All lines from the one that contains "Di pekan Shiji" to the end of the data must be retyped exactly. Pictures are not retyped.

**INFORMATION SUPPLIED**
.....

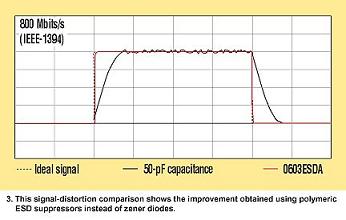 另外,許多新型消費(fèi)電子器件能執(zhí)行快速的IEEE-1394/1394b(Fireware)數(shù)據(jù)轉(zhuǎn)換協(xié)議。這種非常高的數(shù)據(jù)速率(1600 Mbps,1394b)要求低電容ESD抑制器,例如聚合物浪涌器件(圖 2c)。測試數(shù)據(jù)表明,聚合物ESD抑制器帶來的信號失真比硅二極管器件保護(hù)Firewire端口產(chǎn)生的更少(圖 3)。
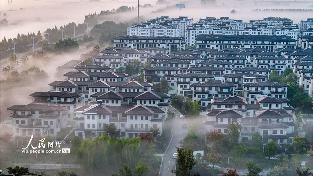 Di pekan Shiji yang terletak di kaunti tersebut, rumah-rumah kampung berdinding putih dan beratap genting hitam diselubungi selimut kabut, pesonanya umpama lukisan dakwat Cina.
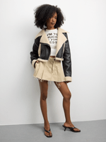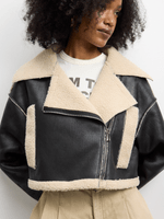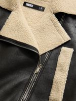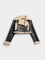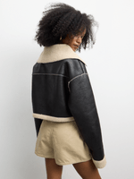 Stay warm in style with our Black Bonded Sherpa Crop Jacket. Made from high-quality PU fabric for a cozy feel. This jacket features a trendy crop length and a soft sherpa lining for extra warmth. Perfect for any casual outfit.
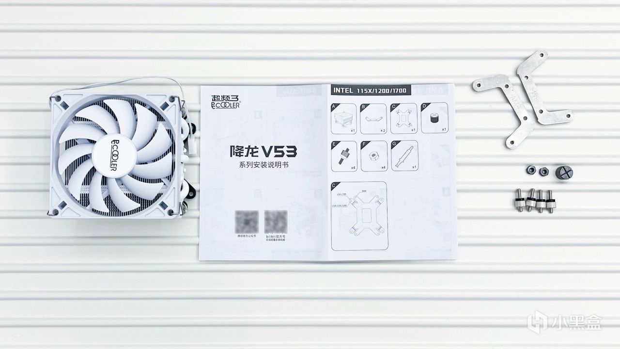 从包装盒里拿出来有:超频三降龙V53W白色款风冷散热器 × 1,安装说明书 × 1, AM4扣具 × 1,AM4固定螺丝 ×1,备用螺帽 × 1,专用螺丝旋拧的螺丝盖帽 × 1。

.....

**SOLUTION TO THIS TASK**
 Di pekan Shiji yang terletak di kaunti tersebut, rumah-rumah kampung berdinding putih dan beratap genting hitam diselubungi selimut kabut, pesonanya umpama lukisan dakwat Cina.
 Stay warm in style with our Black Bonded Sherpa Crop Jacket. Made from high-quality PU fabric for a cozy feel. This jacket features a trendy crop length and a soft sherpa lining for extra warmth. Perfect for any casual outfit.
 从包装盒里拿出来有:超频三降龙V53W白色款风冷散热器 × 1,安装说明书 × 1, AM4扣具 × 1,AM4固定螺丝 ×1,备用螺帽 × 1,专用螺丝旋拧的螺丝盖帽 × 1。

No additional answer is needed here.